セニョーラがのぞきこんでいた『ポソレのレシピ集』には、ポソレの語源についても書かれていました。
ポソレはもともと、pozolli(ポソリ)といいます。
これは先住民の言葉nahuatl(ナワトル)語で、『あく(スペイン語ではespuma・エスプーマ)』を意味するそうです。
ポソレに必ず使われるとうもろこしcacahuacintle(カカウアシントル、これもナワトル語)はゆでると、花のように開きあくを出すことからこの名前がつけられました。
(ナワトル語とは、アステカの人達を中心にメキシコ中央高原で話されていた言葉です。今でもメキシコには、ナワトル語を話す人々がいます。)

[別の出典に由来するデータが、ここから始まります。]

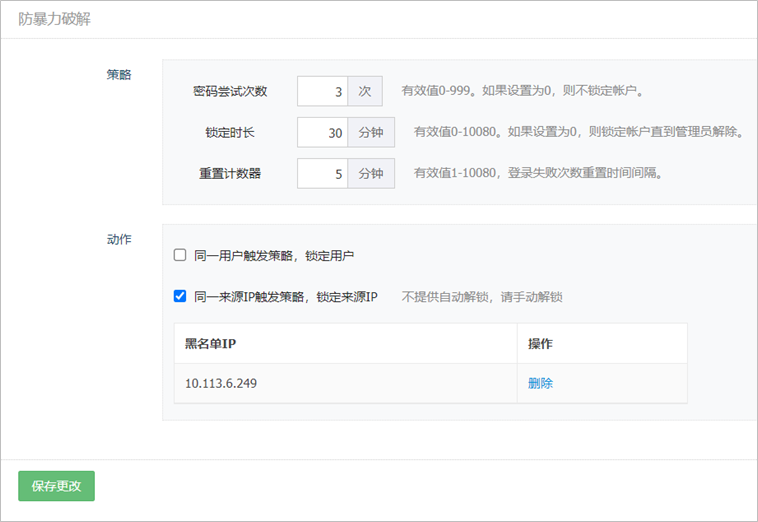 2. 防暴力破解区域,参见下表说明配置各项参数,点击<保存更改>。

ポソレのもともとの意味が『あく』であると知って、どうしてそんな『不味い』ものの名前をつけたんだろうと疑問に思ってセニョーラに聞くと、「海の、波間に漂う白い泡もespumaと呼ぶのよ。espumaを悪いものという習慣はメキシコにはないの。」と答えました。

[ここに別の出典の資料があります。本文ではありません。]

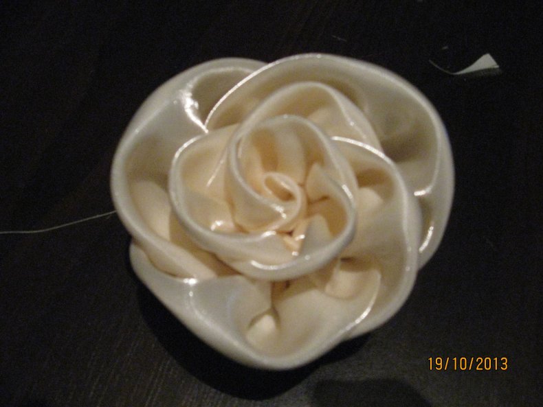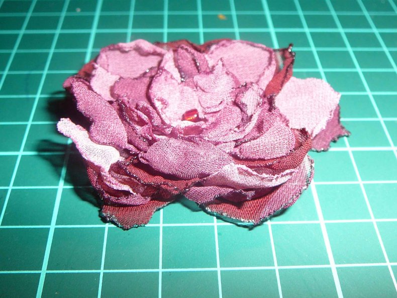 - Положить цветок, чтобы клей высох. После чего убрать булавки, обработать края лепестков и цветок готов.

日本では、料理する時に出たあくは『味を損なう悪いもの』としてとってしまいますが、メキシコにはそういう習慣はないようです。
コトコトと煮込まれているポソレの表面には、赤い色の泡が漂っていました。
それは、とてもおいしそうでした。

食べてみてもおいしかったですよ!
見た目ほどコッテリしていなくて、とうがらしがはいっているけどそんなに辛くありません。
お昼だけでなく、夕食としても食べられます。
また、二日酔いの時に食べるのも良いそうです。
日本でも作ってみたいのですが、あの大きなとうもろこしを手に入れるのは難しいでしょう。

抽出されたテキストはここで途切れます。